-
31. Data: 2016-06-19 23:33:46
Temat: Re: Bank i staruszka
Od: Liwiusz <l...@b...tego.poczta.onet.pl>
W dniu 2016-06-19 o 23:21, Sebastian Biały pisze:
> On 2016-06-19 22:40, Liwiusz wrote:
>> Rozumiem, że jak przyjedzie do nas obywatel hipotetycznego kraju
>> używającego alfabetu Morse'a, to może się podpisać alfabetem Morse'a.
>
> Zgadłeś skąd się wziął "-" ! Brawo. Wygrywasz wycieczkę na Antarktydę,
> już dzisiaj zaczynaj kurs pingwinowego.
>
> Serio, myślisz że każdy język da się przełozyć na łaciński alfabet? Na
> przykład taki mlaskany !o!kung. Tak, te wykrzykniki to transkrypcja
> mlasku. Czy wykrzyknik jest literą w mlaskanych nazwiaskach? Ewentualnie
> może !Xóo bo ładnie wygląda. A te daszki, fakt, nijak nie pasują do
Ty sprowadzasz wymyślając wydumane sytuacje z językami bez transkrypcji.

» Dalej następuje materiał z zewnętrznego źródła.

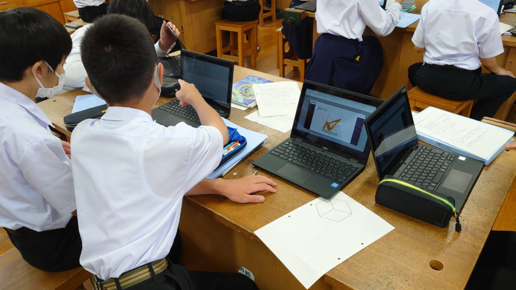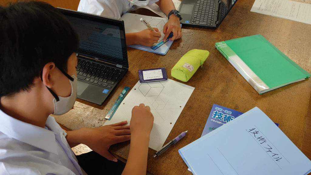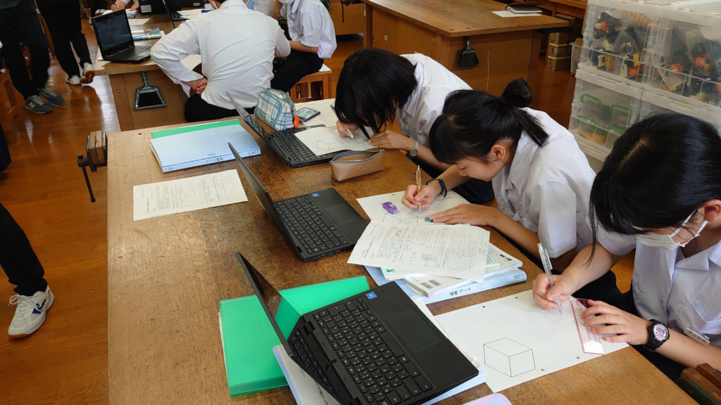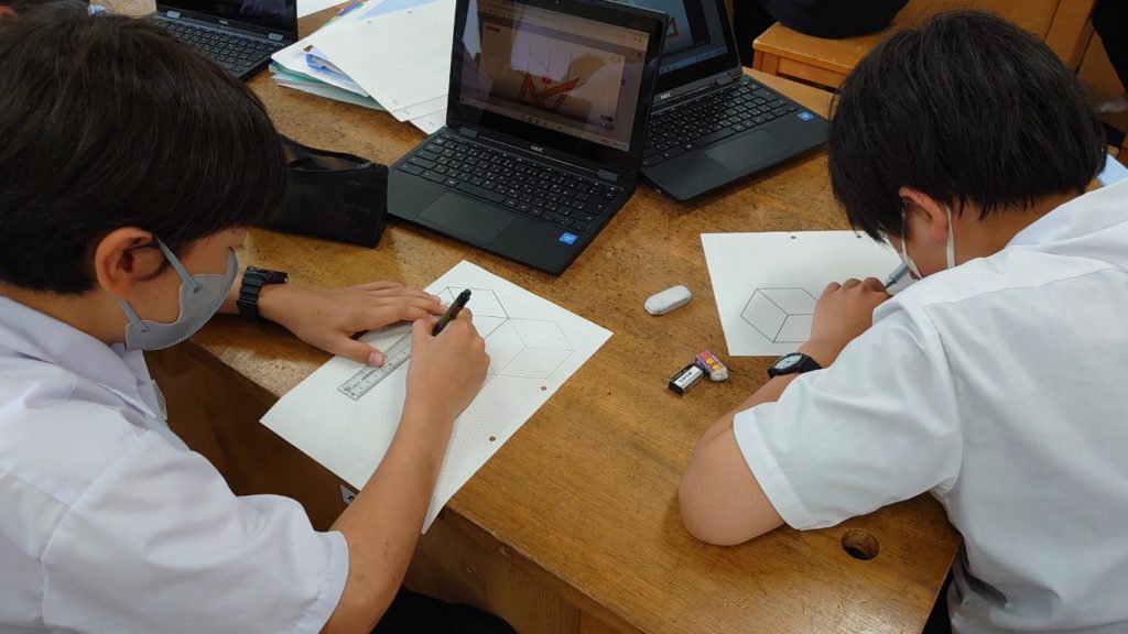 早速、等角図をかく練習を行います。ワークシート(斜眼紙)を配布し、単純な立方体をかく練習を行います。等角図のかき方は各自がChromebookを使って動画を視聴し確認します。

Jak się pojawi taki przypadek, wówczas będzie się zastanawiać jak go
rozwiązać, i akurat ty będziesz ostatnią osobą, której zdanie się będzie
liczyło.
A Chińczyk, który robi interesy w Europie, doskonale wie jak zapisać
swoje imię i nazwisko alfabetem łacińskim.
> naszych literek. Hmmm idąc dalej czy czesi powinni pisać swoje nazwiska
Trochę zaAkarmuję, ale gdzie kupiłeś swoje świadectwo szkolne, skoro nie
wiesz, że Czesi używają normalnego łacińskiego alfabetu?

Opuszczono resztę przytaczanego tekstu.